### [Work instruction]
In the material below, find the line with "computer hardware. Processor" and the line with "(3) 输出控制电路:单片机", then output those two lines and every line between them, exactly.

Records for the task section start

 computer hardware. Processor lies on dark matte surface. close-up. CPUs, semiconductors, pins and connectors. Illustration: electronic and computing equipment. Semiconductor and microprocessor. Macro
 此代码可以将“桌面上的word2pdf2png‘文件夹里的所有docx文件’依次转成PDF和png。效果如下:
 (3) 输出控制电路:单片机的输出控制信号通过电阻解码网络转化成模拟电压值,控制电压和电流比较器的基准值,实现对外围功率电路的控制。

Records for the task section end
Records for the task section start

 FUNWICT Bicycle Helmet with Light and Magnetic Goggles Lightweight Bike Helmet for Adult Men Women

Records for the task section end

### [Task solution]
 computer hardware. Processor lies on dark matte surface. close-up. CPUs, semiconductors, pins and connectors. Illustration: electronic and computing equipment. Semiconductor and microprocessor. Macro
 此代码可以将“桌面上的word2pdf2png‘文件夹里的所有docx文件’依次转成PDF和png。效果如下:
 (3) 输出控制电路:单片机的输出控制信号通过电阻解码网络转化成模拟电压值,控制电压和电流比较器的基准值,实现对外围功率电路的控制。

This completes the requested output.